# Classfication

This notebook evaluates methods for classification using the [academia.stackexchange.com](https://academia.stackexchange.com/) data dump.

## Table of Contents
* [Data import](#data_import)
* [Classfication methods](#methods)

In [1]:
%load_ext autoreload
%autoreload 2

import matplotlib.pyplot as plt
import numpy as np
import time
from joblib import dump, load
from academia_tag_recommender.definitions import MODELS_PATH

<a id='data_import'/>

## Data import

In [None]:
from sklearn.feature_extraction.text import CountVectorizer, TfidfVectorizer
from academia_tag_recommender.preprocessor import BasicPreprocessor
from academia_tag_recommender.tokenizer import BasicTokenizer, EnglishStemmer, PorterStemmer, LancasterStemmer, Lemmatizer
from academia_tag_recommender.vectorizer_computation import get_vect_feat_with_params
from academia_tag_recommender.documents import documents as get_documents

documents = get_documents()
texts = [document.text for document in documents]

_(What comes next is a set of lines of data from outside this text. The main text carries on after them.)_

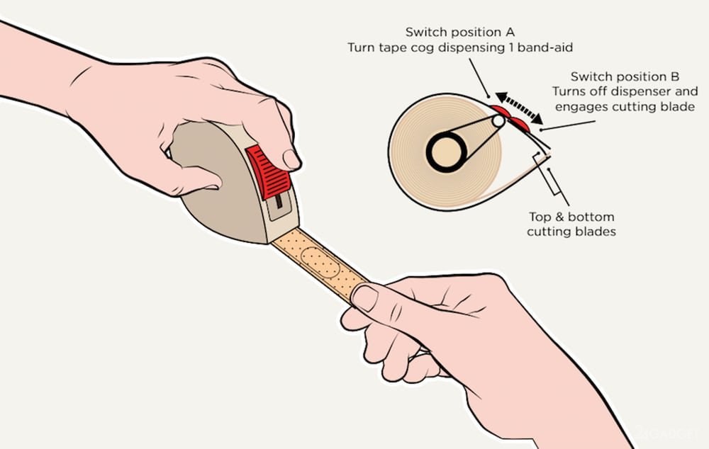Внутри изобретения размещается рулон из лейкопластырей. На корпусе диспенсера есть переключатель, который выталкивает наружу один отрезок ленты длиной 4 см. Благодаря нанесенной перфорации лейкопластырь легко отсоединяется от рулонной части. После использования устройство закрывается, чтобы оставшийся лейкопластырь оставался стерильным.
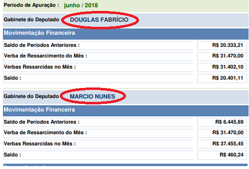 Da região, Douglas Fabrício teve R$ 31,4 mil e Márcio Nunes R$ 37,4 mil.
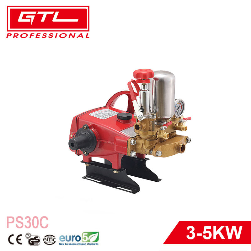 This agriculture sprayer pump features a working pressure of 10-40pa, 3×30mm plungers, 20mm stroke, and rotation capacity of 800-1000rpm, delivering 30-40L/min output with 3-5KW power requirement and CE/EMC certification.
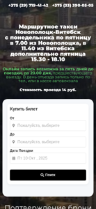 | AI-анализ | The portal na-vitebsk.by is a taxi service website for the routes Novopolotsk-Vitebsk-Novopolotsk. The website provides information on the schedules, pricing, and booking for these routes, which operate from Monday to Friday. Passengers can make online reservations up to five days prior to travel, between 7:00 AM and 8:00 PM on the day before departure. Reservations on the day of travel must be made by phone or at the bus station counter. The cost of a one-way trip is 14 rubles. The website includes a list of stops, such as the bus station, hotels, schools, and other popular locations in Belarus and the city of Minsk. Online ticket purchase is available from the listed locations. The website is operated by OOO "Goutuvit". |

[vectorizer, features] = get_vect_feat_with_params(texts, TfidfVectorizer, BasicTokenizer, BasicPreprocessor, None, (1, 1))

## Data Preparation

In [None]:
from sklearn.preprocessing import MultiLabelBinarizer

label = [document.tags for document in documents]

X = features
print('X data with shape {}'.format(X.shape))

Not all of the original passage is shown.